=== Begin Enclosure ===
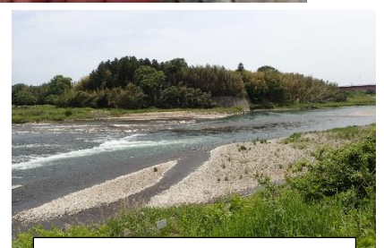
那珂川千代橋上流の様子

連絡先 茨城県水産試験場内水面支場 内水面資源部：0299-55-0324（代）
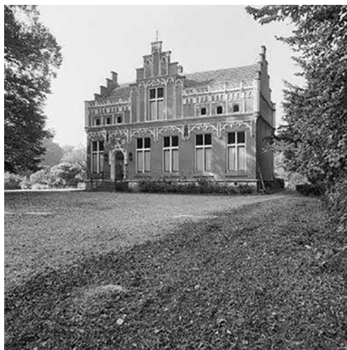
Jachtslot Ter Horst. Oktober 1985

In 1903 koopt Koningin Wilhelmina De Horsten van dochter Marie van prins Frederik en zo komt het landgoed via achtereenvolgens Juliana en Beatrix bij Willem Alexander terecht.
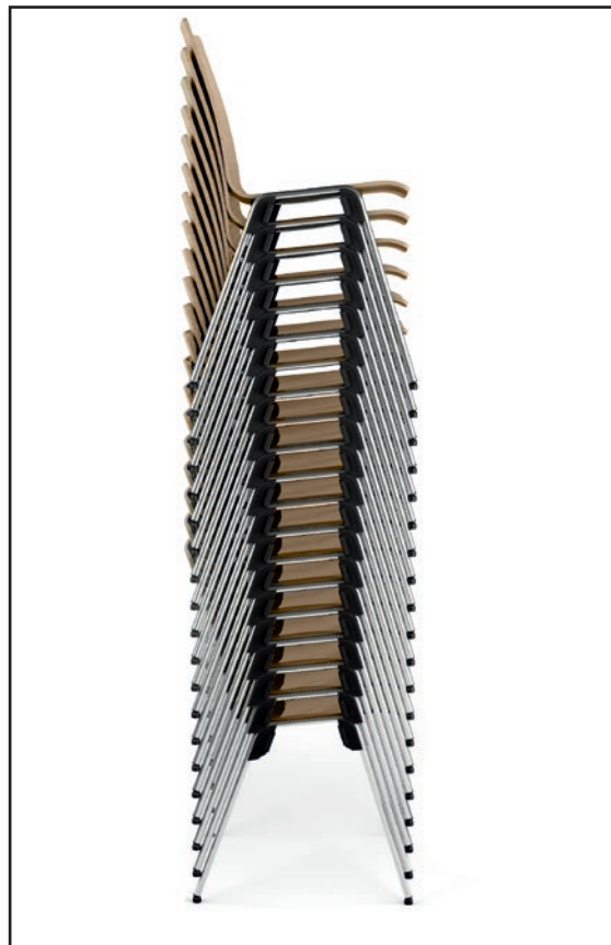
Modell 4010 Stapel
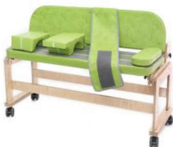
Cinchas Banco decúbito lateral
=== End Enclosure ===
Exercise brief: Omitting the images, copy the listing exactly.

Answer box:
那珂川千代橋上流の様子

連絡先 茨城県水産試験場内水面支場 内水面資源部：0299-55-0324（代）
Jachtslot Ter Horst. Oktober 1985

In 1903 koopt Koningin Wilhelmina De Horsten van dochter Marie van prins Frederik en zo komt het landgoed via achtereenvolgens Juliana en Beatrix bij Willem Alexander terecht.
Modell 4010 Stapel
Cinchas Banco decúbito lateral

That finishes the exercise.